In several cases it was not men they hit, but women and children who, when the war seemed to have passed from this place a year ago, crept back to their homes and built little wooden booths in which they sold papers and picture postcards to the troops. Now suddenly the war has flamed over them again and they were caught, before they could escape, by thunderbolts out of the shining moonlight, terribly clear and revealing dead horses about the ruined streets.
TRYING TO TAKE ARRAS
Friday, March 29.—The enemy's pressure has for the time being relaxed a little across the Somme, east of Corbie, and whatever effort he has made during the last day and night has been repulsed with the most heavy losses.
Yesterday the most exciting situation and the fiercest struggle was on the left of the British battleline, from Gavrelle southward to below the Scarpe. It was a deliberate, resolute effort by the enemy to capture Arras. Three divisions of special storm troops, the 184th, 12th, and 27th Reserve, had been brought up for this purpose, though one of them had been engaged before and roughly handled. They were ordered to take Arras yesterday at all costs, and before their advance very heavy bombardment was flung over the British lines from about 5 o'clock in the morning for several hours.

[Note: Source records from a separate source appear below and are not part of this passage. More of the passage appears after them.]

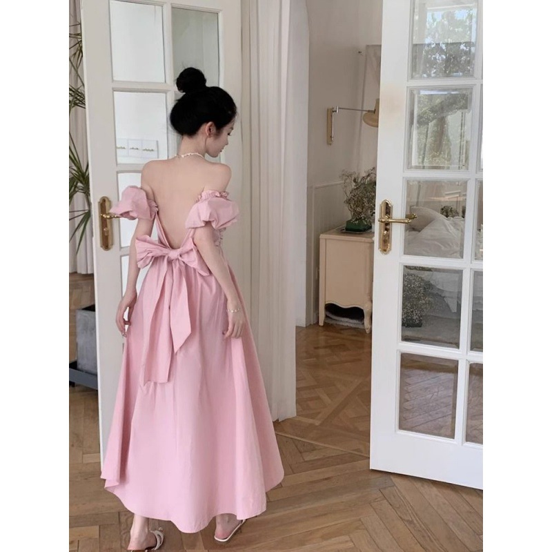 温柔风粉色泡泡袖一字肩连衣裙女夏季新款蝴蝶结露背显瘦气质长裙
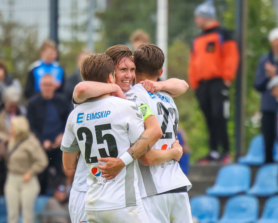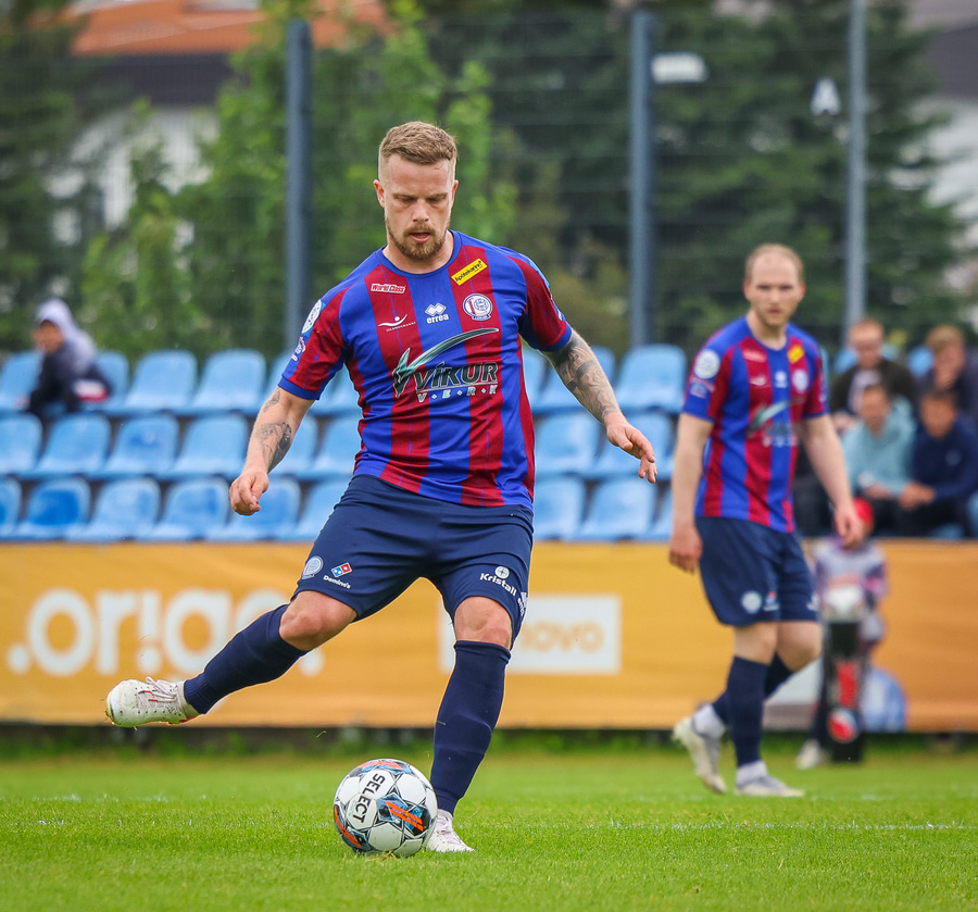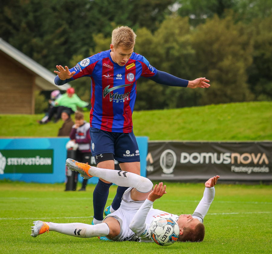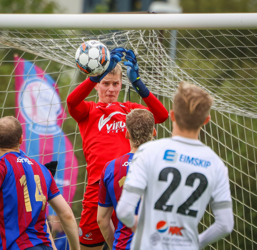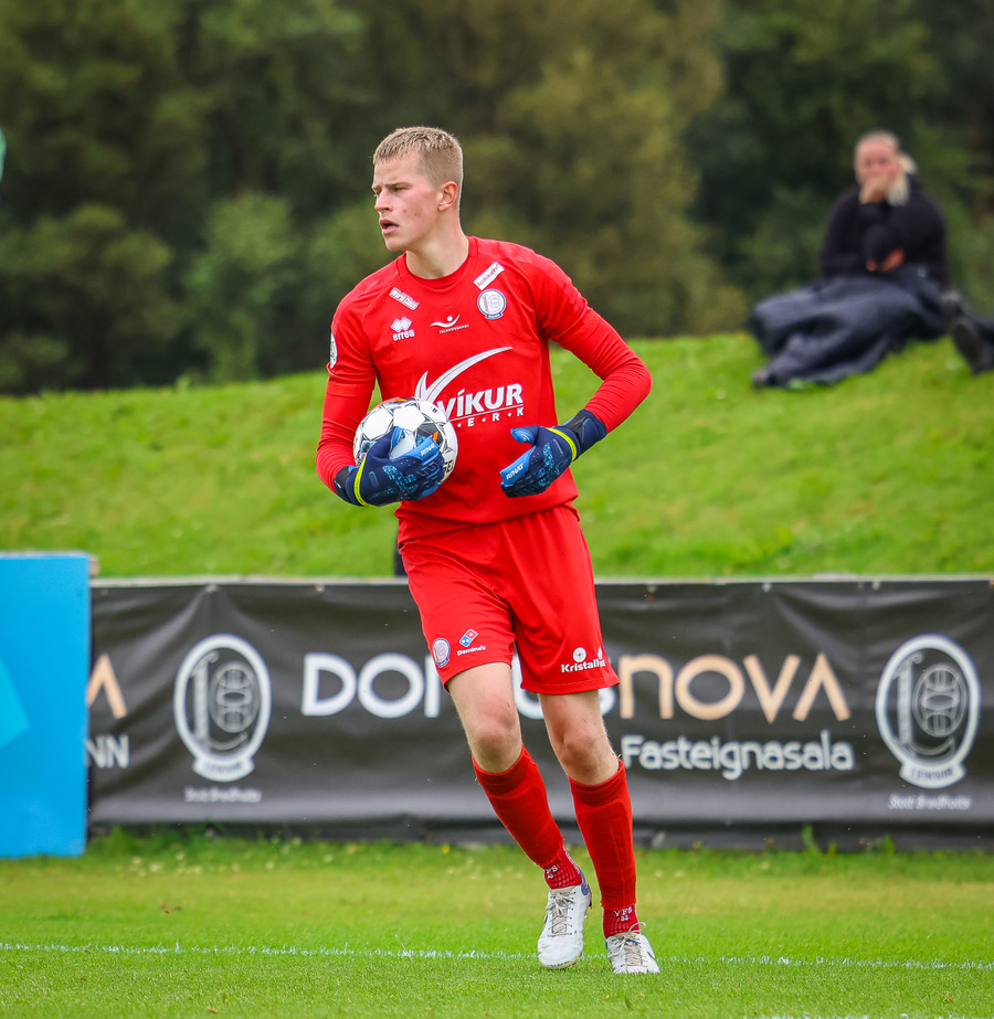 Guðjón Ernir með hornspyrnu inn á markteig þar sem að Viktor missir boltann í teignum og skapast hætta en hann er snöggur niður að handsama boltann!
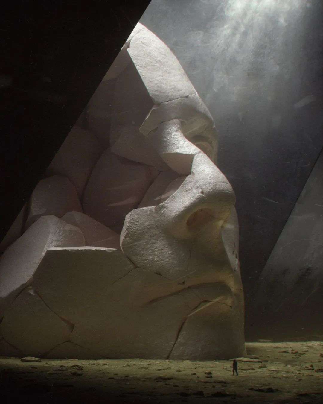 Stuart Lippincott总会在合适的场景放置小小的人类,与这些巨大的人头像形成对比,人类的服饰却很现代,给人一种发生在当下的感觉。
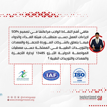 ماهي أهم النقاط الواجب مراعاتها في تصميم SOPs اجراءات العمل حسب متطلبات هيئة الغذاء والدواء فيما يتعلق بالشركات الموردة للاجهزة والمعدات والتوريدات الطبية في المملكة حسب معطيات المواصفة الدولية الأيزو 13485 لإدارة الأجهزة والمعدات والتوريدات الطبية ؟

Their main thrust was toward Roeux, that frightful little village, with its chemical works, which I used to write about so much in April and May last. Once again yesterday it became a shambles. The British had machine guns well placed with a wide field of fire, and as the Germans came down the slopes they were swept with streams of bullets, which cut swaths in their formations, but once again, as on March 21, the enemy was reckless of life, theirs as well as the British, and always his tide of men flowed forward, passing over dead and wounded, and creeping forward like flowing water. The British field guns raked them while the heavies pulled further back to avoid being blown up or captured.
FIGHT FOR ORANGE HILL
On and about Orange Hill and Telegraph Hill British battalions who know this ground of old fought tenaciously under murderous machine-gun fire, the enemy's screen of infantry covering machine-gun batteries which were rushed forward very quickly and took up positions in shell holes and behind bits of broken wall and any kind of cover, in ditches and sunken roads.
A footing gained by the enemy on part of Orange Hill and Infantry Hill rendered it necessary to fall back yesterday toward the old German support lines before that battle in April, 1917. The British fought like tigers, and would not retire until the pressure on them made it impossible to resist the continual thrust of new attacks by fresh troops. There were heroic actions by small groups of men struggling to hold up the front line, and some of them stayed so long after the enemy had broken beyond them that they were cut off.
Frightful fighting was happening not far from Neuville, Vitasse, and Mercatel and in this neighborhood the British held out with wonderful determination until exhausted by battle and until only a poor remnant of men had strength to stand against these massed attacks.
By the end of the day the enemy's assaults weakened, and then died out because his losses were enormous and the spirit of his attack was broken by such stubborn resistance.